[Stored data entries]
◆ ◆ ◆

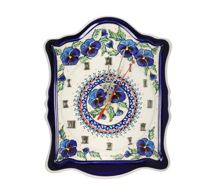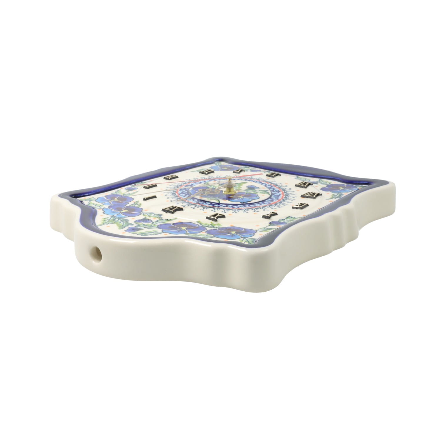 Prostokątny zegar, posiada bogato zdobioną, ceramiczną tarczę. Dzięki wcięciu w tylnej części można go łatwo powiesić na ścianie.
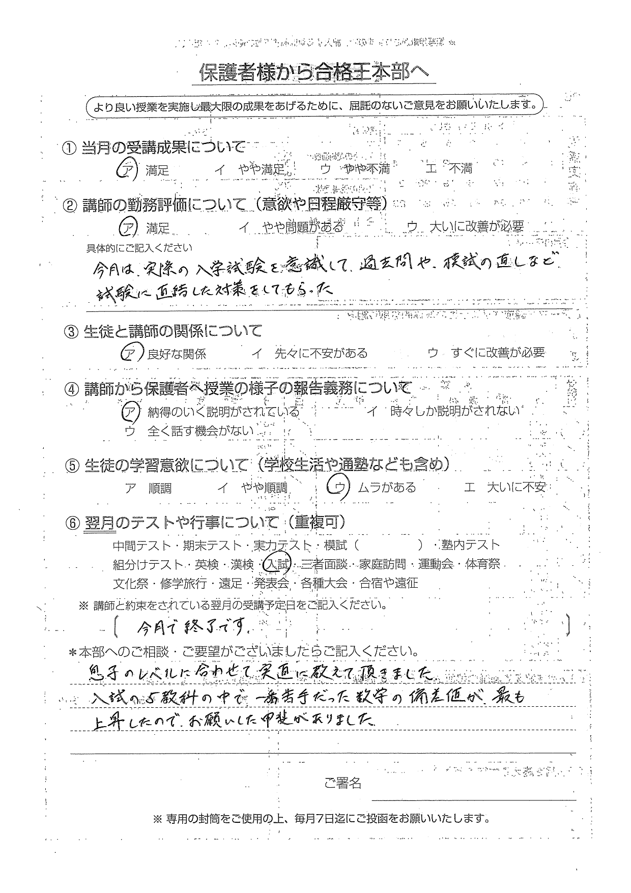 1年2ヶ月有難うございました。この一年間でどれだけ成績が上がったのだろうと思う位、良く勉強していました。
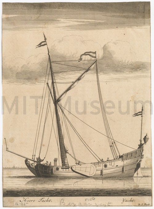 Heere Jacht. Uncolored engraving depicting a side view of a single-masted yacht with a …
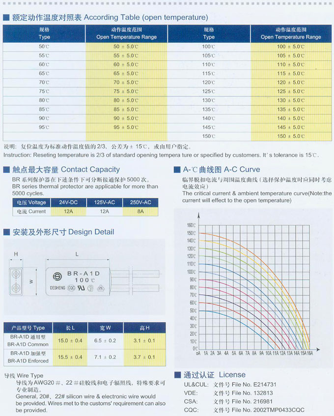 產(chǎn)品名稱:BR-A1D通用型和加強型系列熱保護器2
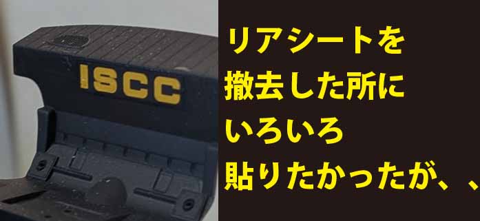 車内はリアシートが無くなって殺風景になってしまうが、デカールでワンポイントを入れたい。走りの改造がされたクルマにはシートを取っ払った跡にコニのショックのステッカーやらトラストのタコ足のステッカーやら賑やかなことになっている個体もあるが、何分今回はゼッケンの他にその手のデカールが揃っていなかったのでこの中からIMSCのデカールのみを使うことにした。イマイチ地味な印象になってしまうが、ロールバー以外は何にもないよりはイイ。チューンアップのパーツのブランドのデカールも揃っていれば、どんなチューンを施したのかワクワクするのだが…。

◆ ◆ ◆

- **Directions**:
Each of the lines above should be transcribed exactly; no image is to be copied.

- **Answer below**:
 Prostokątny zegar, posiada bogato zdobioną, ceramiczną tarczę. Dzięki wcięciu w tylnej części można go łatwo powiesić na ścianie.
 1年2ヶ月有難うございました。この一年間でどれだけ成績が上がったのだろうと思う位、良く勉強していました。
 Heere Jacht. Uncolored engraving depicting a side view of a single-masted yacht with a …
 產(chǎn)品名稱:BR-A1D通用型和加強型系列熱保護器2
 車内はリアシートが無くなって殺風景になってしまうが、デカールでワンポイントを入れたい。走りの改造がされたクルマにはシートを取っ払った跡にコニのショックのステッカーやらトラストのタコ足のステッカーやら賑やかなことになっている個体もあるが、何分今回はゼッケンの他にその手のデカールが揃っていなかったのでこの中からIMSCのデカールのみを使うことにした。イマイチ地味な印象になってしまうが、ロールバー以外は何にもないよりはイイ。チューンアップのパーツのブランドのデカールも揃っていれば、どんなチューンを施したのかワクワクするのだが…。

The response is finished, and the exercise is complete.